Students from Philadelphia high schools and colleges weren’t about to let studying for finals get in the way of their participation in the National Youth and Students Peace Committee (NYSPC) May 6 “Books Not Bombs” Day of Action.
“Because it’s finals week, we came up with the idea of having a ‘read-in’ at [Senator Rick] Santorum’s office, ” said Harris Kornstein, a Swarthmore freshman. “We want to keep anti-war activism going, and ‘books not bombs’ bridges protests about tuition hikes with protests about war.”
The students, members of Youth PAWR (Philadelphia Area War Resistance), a coalition of college and high school student groups, brought hundreds of “I will vote for books not bombs” pledge cards collected from their classmates.

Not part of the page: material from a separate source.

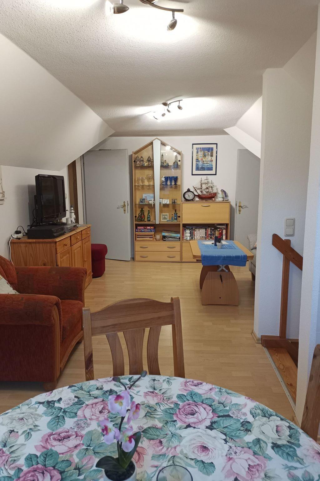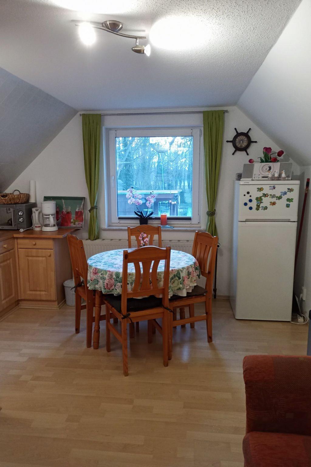 The 60 m² living space is divided into a bedroom with a double bed and an open-plan living area with dining table and kitchenette. There is also a shower room with WC and wash hand basin. The spacious bedroom offers enough space for an extra bed for a child. Use the TV with digital TV in the lounge for cosy evenings in the seating area with a couch and an armchair. The fully-equipped kitchen has a fridge with freezer compartment, induction hob and small electrical appliances such as a coffee machine, toaster and kettle, providing you with everything you need for convenient self-catering.

Ben Waxman, a senior at Springfield High School, took the 20-minute train ride on Philadelphia’s SEPTA train to bring the pledge cards from his school. “A lot of high school people became engaged in the anti-Iraq war movement,” Waxman said. “We’re trying to get people to register to vote by showing the connection with the severe funding crisis for public high schools.” Citing cuts in after-school programs, music, school newspapers, teachers and even textbooks, Waxman noted that some schools are still using decades-old books.
Ivan Booth, who will be a junior at Swarthmore next year, told the World the Philadelphia area youth activists have been discussing what to do this summer. “It was amazing. After the war, all these different groups at the same time all said ‘Let’s do voter registration.’”

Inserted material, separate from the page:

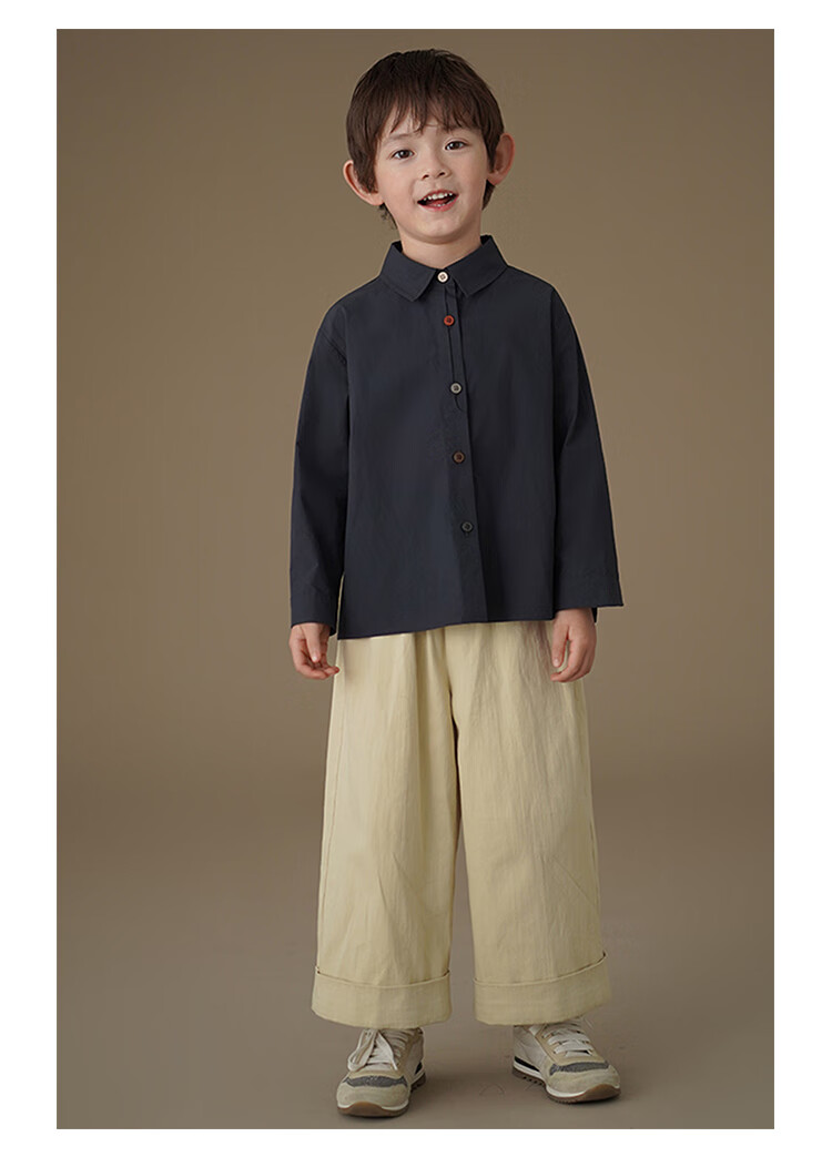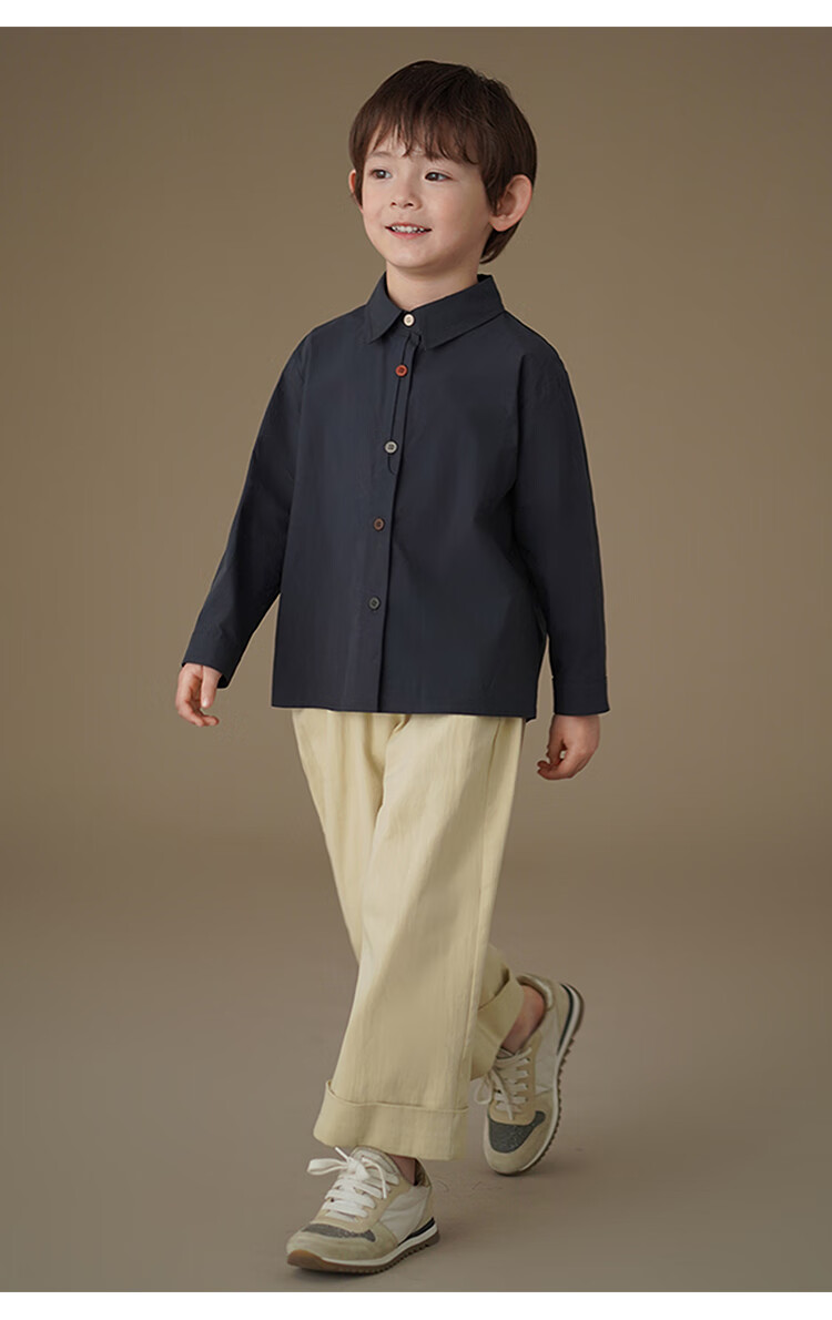 Haqi children's clothing spring and autumn children's long-sleeved shirt skin-friendly cotton Korean style spring clothing boys and girls casual tops new style navy 170

Booth said this was a kick-off event for a whole voter registration and education campaign, involving many campus organizations and activists. “This summer we will be flyering at festivals and concerts [with] educational things about war, and doing voter registration at fairs,” Booth said.
The students sat several hours on the sidewalk in front of Santorum’s office under their big “books not bombs” banner, taking an occasional break from their studying to register a new voter or get an additional pledge card signed.

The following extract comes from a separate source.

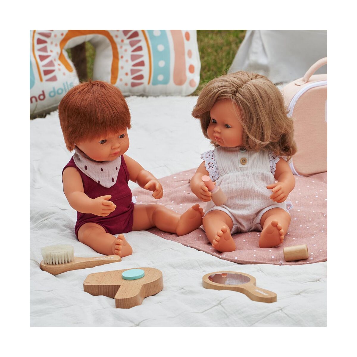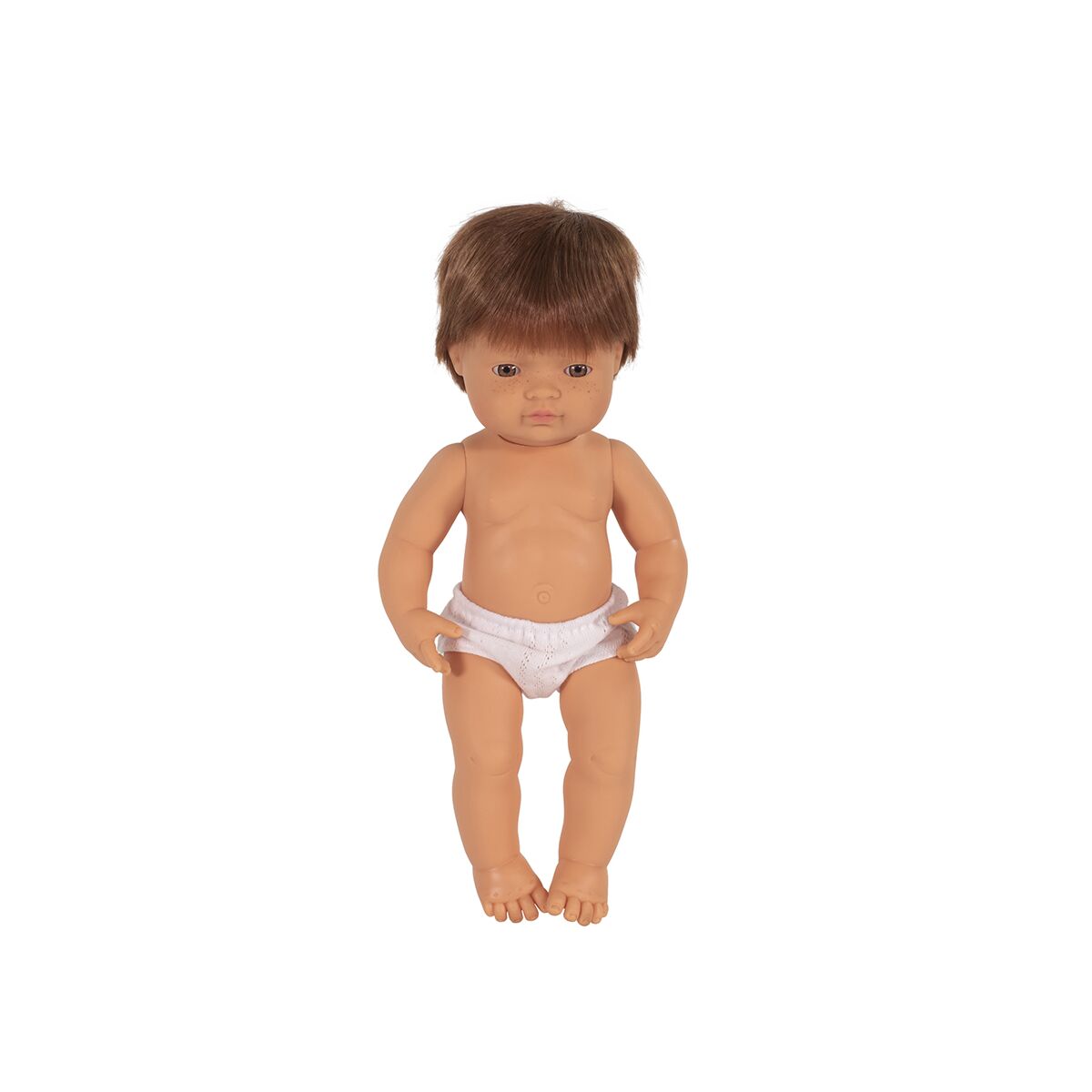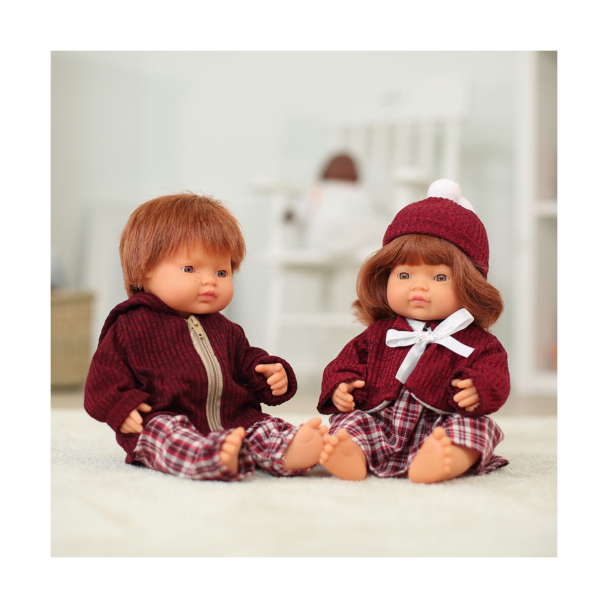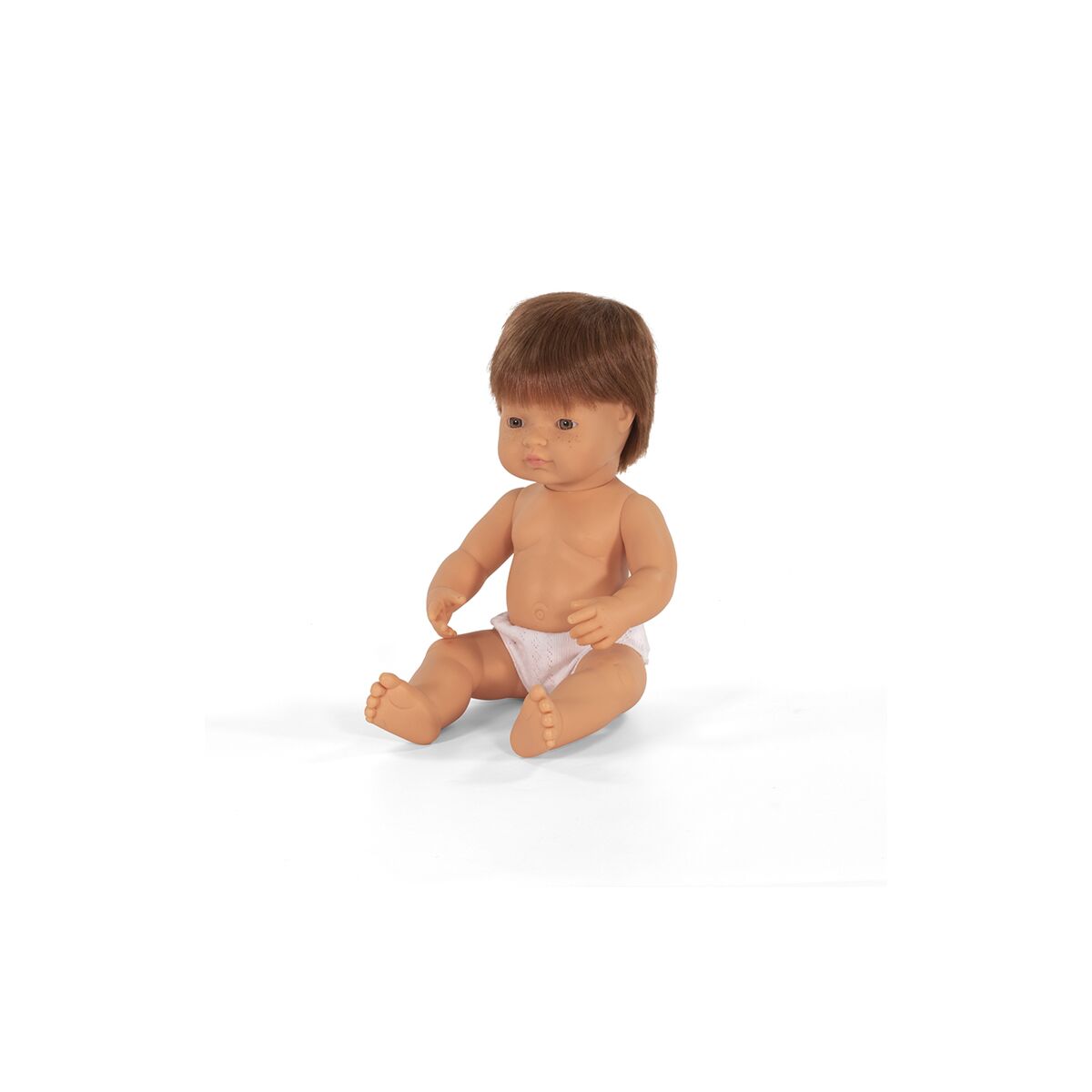 Miniland doll with the Caucasian characteristics of red hair and brown eyes. This doll belongs to our Miniland Dolls collection that promotes the value of equality within kids regardless of their race, gender or condition and allows them to also learn about the diversity in all of us and how to develop social skills such as empathy and tolerance.Made of high-quality soft vinyl with a light vanilla scent. This doll is also recyclableMade in SpainAnatomically correct doll with realistic differences between boy and girl dollsArticulated head, arms and legs that can fully rotate allowing the doll to sit, stand or lie downDoll is washable and it will not affect their quality and durabilityIt is 15 inches longCan be dressed with our Miniland’s clothing collection to complete its lookComes individually packaged in a polybag with underwear

At 4:30 p.m., the protest moved inside the government building, but the students found Santorum’s office mysteriously closed. They weren’t surprised. “Santorum embodies all that’s wrong with the U.S. government,” Lincoln Ellis, a University of Pennsylvania senior said. Undaunted, they dug up a roll of tape and one by one posted the hundreds of pledge cards to the Senator’s door.
Same day, same confident enthusiasm, but hundreds of miles south, in a suburb of Atlanta, Georgia, Decatur High School junior Leah Fishbein delivered 60 “books not bombs” pledge cards to the office of Congresswoman Denise Majette (D–Ga.). Fishbein is part of a new student organization called SWEAPS – Students Working for an Educated and Accountable Peaceful Society. Speaking of her experience in collecting pledge cards from her classmates, she said, “It went really well. The goal was to educate teenagers on domestic and foreign policy. A lot of people I spent time talking to, I felt maybe I changed their minds. It was pretty neat.”